Given data:

'''

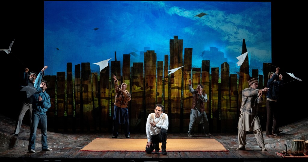 This imagistic, stylized production fades in and out of the epic in its cultural scope and breadth of events that take place between 1973 and 2001 in Afghanistan from monarchy, to republic, to communist coup, to Russian invasion, and Taliban takeover. Amir’s journey moves to Pakistan and San Francisco then back and forth again. With brief phrases of language at the beginning and sprinkled here and there, that reflect cultural authenticity, the fateful story emerges. Amir narrates and we witness vignettes that explore Amir’s evolution as a worthy human being. Arison does a yeoman’s job with a challenging role that spans decades and keeps him onstage until the intermission, then brings him back until the conclusion. With the music of the tabla drums, the singing bowls and the schwirrbogen, we find the rhythms of the culture always pulsating, to remind us of the vitality of history and ancestry.
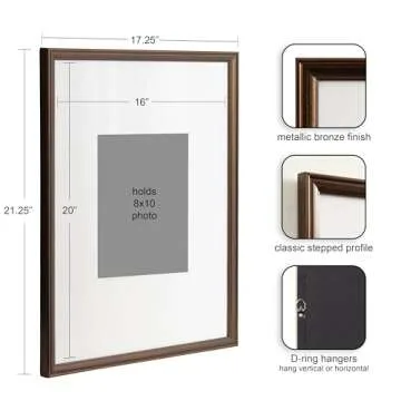 Kate and Laurel Adlynn Rectangle Picture Frame Set of 3, 16 x 20 matted to 8 x 10, Bronze, Vintage Three-Piece Frame Set for Gallery Wall Frame Set in Living Room Wall Decor
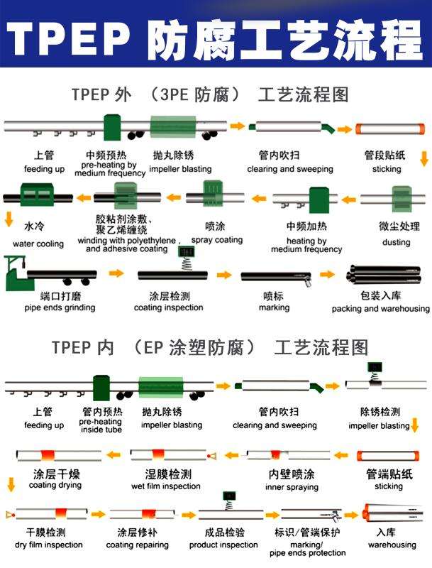 第四代大口径管道新型防腐生产线,外壁采用热熔结缠绕工艺底层环氧树脂、中间层胶黏剂、外层聚乙烯形成三层结构的防腐层,内壁采用热喷涂环氧粉末防腐方式,将粉末经高温加热熔结后均匀地涂敷在管体表面上,形成钢塑合金层,简称TPEP钢管,(T,三层英文Three的首写字母,PE指聚乙烯,EP指环氧树脂),极大提高了涂层附着力及涂层厚度,增强了耐磕碰,耐腐蚀的能力。
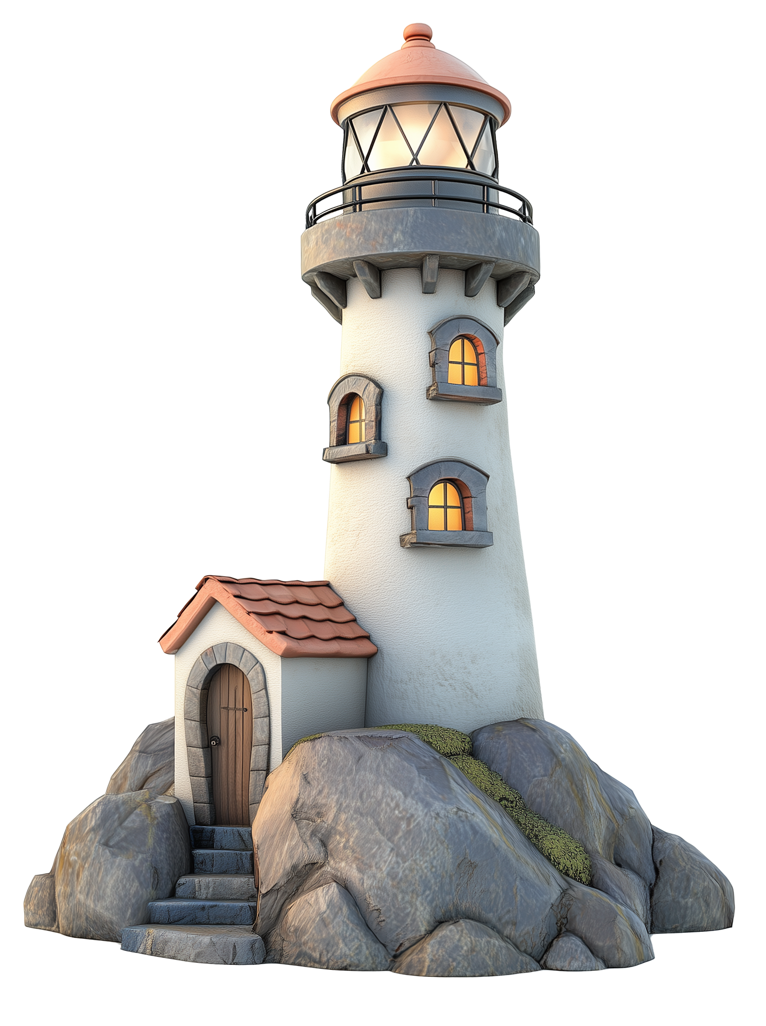 This image features a charming cartoon-style lighthouse set atop a rocky base, complete with a small adjoining building. The lighthouse has a classic design, showcasing a conical shape with a warm, inviting light emanating from its lantern, and its windows are aglow, suggesting a welcoming atmosphere.
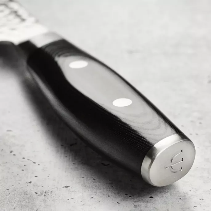 Идеально отполированная черная рукоятка Yaxell TSUCHIMON изготовлена из материала канва микарта - это лен, пропитанный смолой. Это сверхвыносливый и долговечный материал, который выдерживает интенсивные нагрузки, не впитывает запахи.

'''

What to produce: Your answer must be an exact copy of the entries above, with no pictures in it.

Solution to the problem:
 This imagistic, stylized production fades in and out of the epic in its cultural scope and breadth of events that take place between 1973 and 2001 in Afghanistan from monarchy, to republic, to communist coup, to Russian invasion, and Taliban takeover. Amir’s journey moves to Pakistan and San Francisco then back and forth again. With brief phrases of language at the beginning and sprinkled here and there, that reflect cultural authenticity, the fateful story emerges. Amir narrates and we witness vignettes that explore Amir’s evolution as a worthy human being. Arison does a yeoman’s job with a challenging role that spans decades and keeps him onstage until the intermission, then brings him back until the conclusion. With the music of the tabla drums, the singing bowls and the schwirrbogen, we find the rhythms of the culture always pulsating, to remind us of the vitality of history and ancestry.
 Kate and Laurel Adlynn Rectangle Picture Frame Set of 3, 16 x 20 matted to 8 x 10, Bronze, Vintage Three-Piece Frame Set for Gallery Wall Frame Set in Living Room Wall Decor
 第四代大口径管道新型防腐生产线,外壁采用热熔结缠绕工艺底层环氧树脂、中间层胶黏剂、外层聚乙烯形成三层结构的防腐层,内壁采用热喷涂环氧粉末防腐方式,将粉末经高温加热熔结后均匀地涂敷在管体表面上,形成钢塑合金层,简称TPEP钢管,(T,三层英文Three的首写字母,PE指聚乙烯,EP指环氧树脂),极大提高了涂层附着力及涂层厚度,增强了耐磕碰,耐腐蚀的能力。
 This image features a charming cartoon-style lighthouse set atop a rocky base, complete with a small adjoining building. The lighthouse has a classic design, showcasing a conical shape with a warm, inviting light emanating from its lantern, and its windows are aglow, suggesting a welcoming atmosphere.
 Идеально отполированная черная рукоятка Yaxell TSUCHIMON изготовлена из материала канва микарта - это лен, пропитанный смолой. Это сверхвыносливый и долговечный материал, который выдерживает интенсивные нагрузки, не впитывает запахи.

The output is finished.